No se asusten, las siguientes líneas no son una apología del autoritarismo. Todo lo contrario: si queremos evitar la tiranía -y la sociedad tiende a ello de forma indefectible- debemos rescatar y reivindicar con urgencia el origen y utilidad del concepto “autoridad”.
El uso actual del término remite a la capacidad de ordenar y mandar sobre otros, de ahí que definamos como “autoritarios” los regímenes políticos en los que el poder recae principalmente sobre una persona, y no sobre un conjunto de instituciones y mecanismos que eviten el despotismo.

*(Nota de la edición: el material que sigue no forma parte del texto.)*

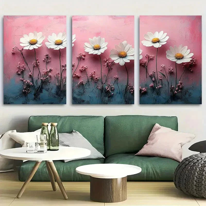 3pcs Daisy Wildflower Rustic Pink Background Metal Print Ready to Hang Art

El origen del concepto es, sin embargo, bien distinto. La auctoritas en Roma se oponía a la potestas. La primera hacía referencia a quien poseía saber y conocimiento, y era socialmente reconocido por ello. La segunda designaba a quien ostentaba y ejercía el poder fáctico. Quien tenía auctoritas no tenía potestas, es decir, el hecho de ser reconocido como experto no otorgaba poder sobre los demás. Las “autoridades” eran, sin embargo, escuchadas a la hora de tomar decisiones.

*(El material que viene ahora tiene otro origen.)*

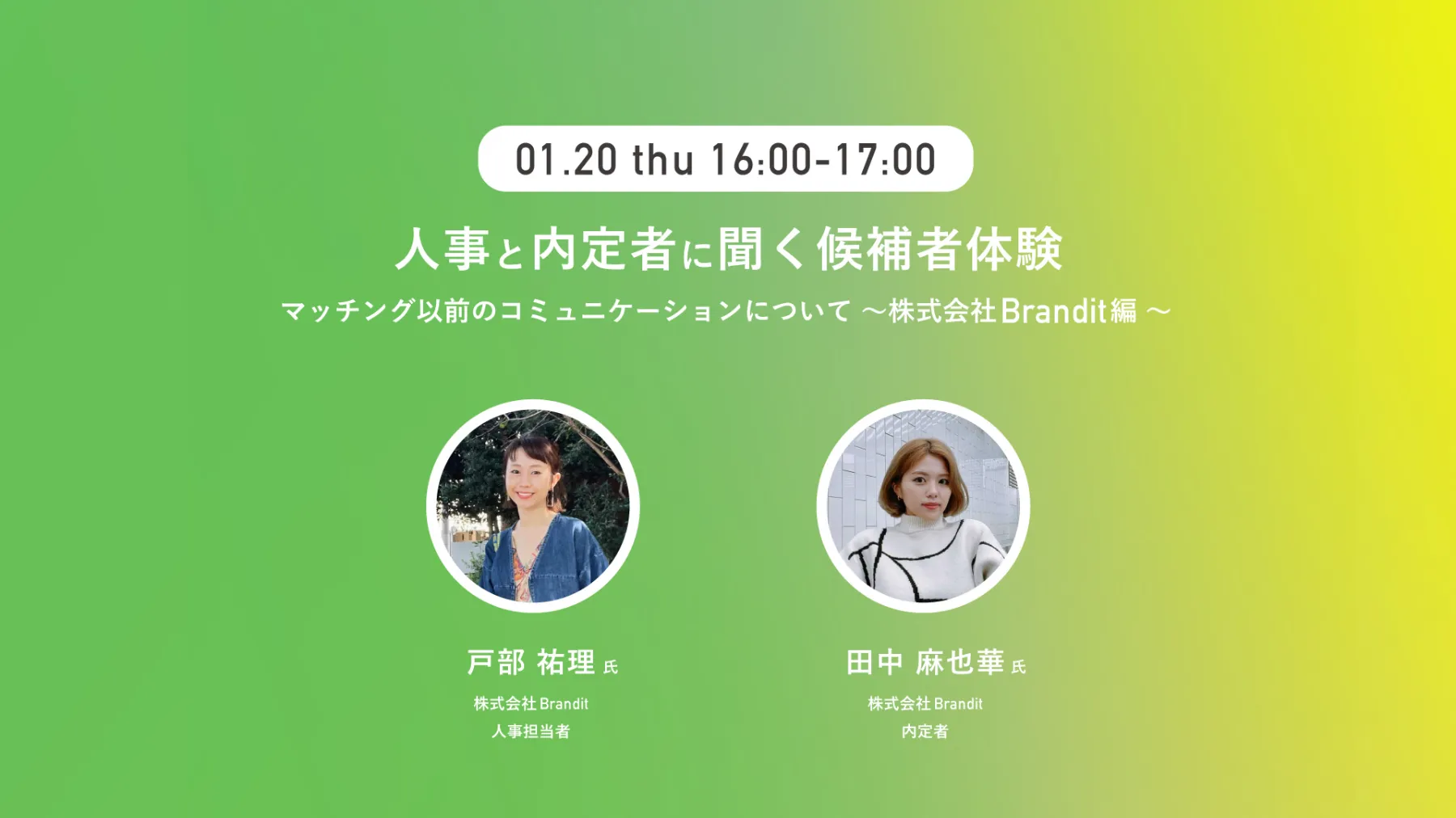 株式会社READY TO FASHIONは1月20日(木)、株式会社Branditの人事担当者と内定者の方をお招きしたオンライントークイベント「人事と内定者に聞く候補者体験ーマッチングまでのコミュニケーションについて」を開催します。

Ni siquiera a Pedro Sánchez se le habría ocurrido decir abiertamente que las fuentes de las decisiones que iba a ir adoptando su Gobierno serían la Cibeles y la Fontana di Trevi
Teóricamente, nuestra organización política y social reproduce el modelo, aunque no haga referencia explícita al origen de la distinción entre un tipo y otro de poder. Porque, efectivamente, el saber es poder en muchos sentidos de la palabra. La pandemia está creando el contexto perfecto para poner esto último de manifiesto. Desde el inicio de la pandemia nos pusimos en manos de expertos, aunque en el caso español resultaron bastante fantasmagóricos. Ni siquiera a Pedro Sánchez se le habría ocurrido decir abiertamente que las fuentes de las decisiones que iba a ir adoptando su Gobierno serían la Cibeles y la Fontana di Trevi. Y ya es decir, pues si algo nos ha dejado claro nuestro presidente es que su osadía carece de límites.

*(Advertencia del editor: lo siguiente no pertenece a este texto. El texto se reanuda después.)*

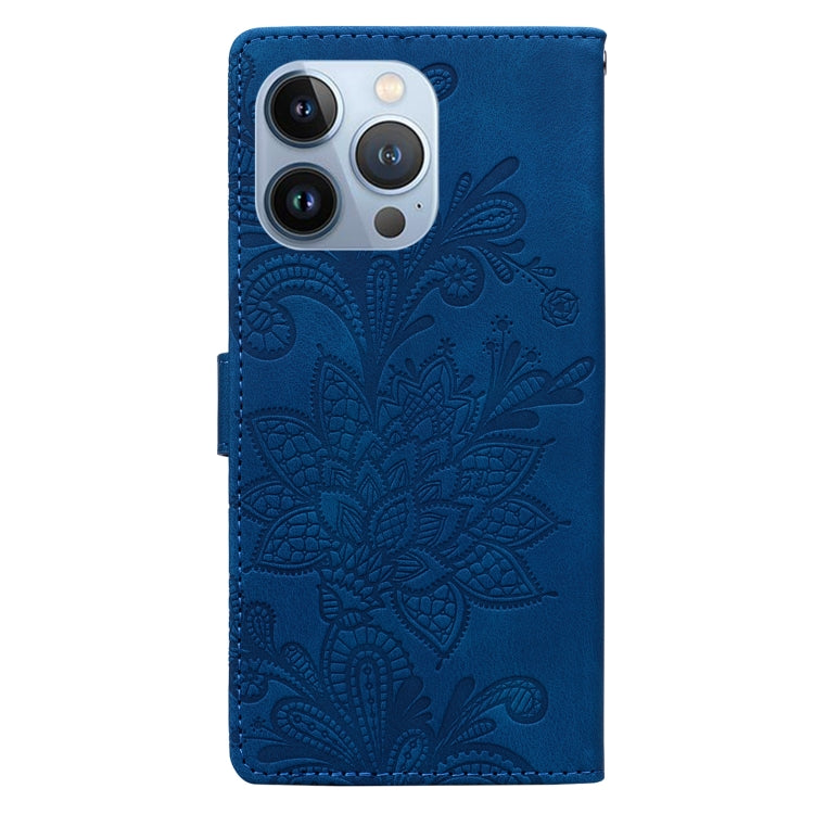 Funda de Cuero con Hebilla Magnética y Encaje Floral para iPhone 16 Pro Max (Azul)

Sabemos, pues, que la credibilidad de las autoridades sanitarias resulta fundamental para la salud física de la ciudadanía. Ahora bien, ¿qué ocurre con la salud democrática, la política, la social? ¿Qué autoridades son relevantes en el panorama español, qué autoridades nos permiten decir -sin que suene a chiste negro- que en España tenemos verdadera libertad individual, una ciudadanía responsable, un sistema de enseñanza sólido, un sistema judicial independiente, un tejido empresarial competente, protección de los derechos de los trabajadores, de la infancia, de los ancianos y enfermos, de las personas vulnerables en general? ¿Son realmente competentes estas autoridades? En caso de que sí lo sean, ¿de qué medios disponemos para que sus voces puedan llegar a la ciudadanía sin ser deformadas, simplificadas o utilizadas en interés propio por el poder político o económico?
La naturaleza del ser humano es relativamente estable, basta con echar un vistazo a libros de historia y manuales de antropología y sociología. Sabemos que somos capaces de cometer los actos más rastreros y desalmados, pero también de los más majestuosos y sublimes, como construir catedrales, teatros de ópera, leyes justas, una sanidad y una educación universales... Para evitar lo primero, y seguir en el camino de lo último, lo que necesitamos es atenernos a los cambios seculares y adaptarnos a ellos. El más relevante actualmente es la tecnología que rodea al intercambio de información.
Tenemos, en efecto, más acceso que nunca a la información, pero no hemos aprendido todavía a manejarla. Este factor está erosionando el concepto de autoridad, tan fundamental para que podamos mantener nuestra sociedad libre y próspera, tanto en sentido material como espiritual. No existen soluciones fáciles al problema. La vida es, de hecho, problemática en esencia. Ser conscientes de ello y de los retos a los que nos enfrentamos es un primer paso para evitar que la falta de auctoritas nos conduzca al autoritarismo que tanto tememos y que siempre nos acecha, con uno u otro disfraz.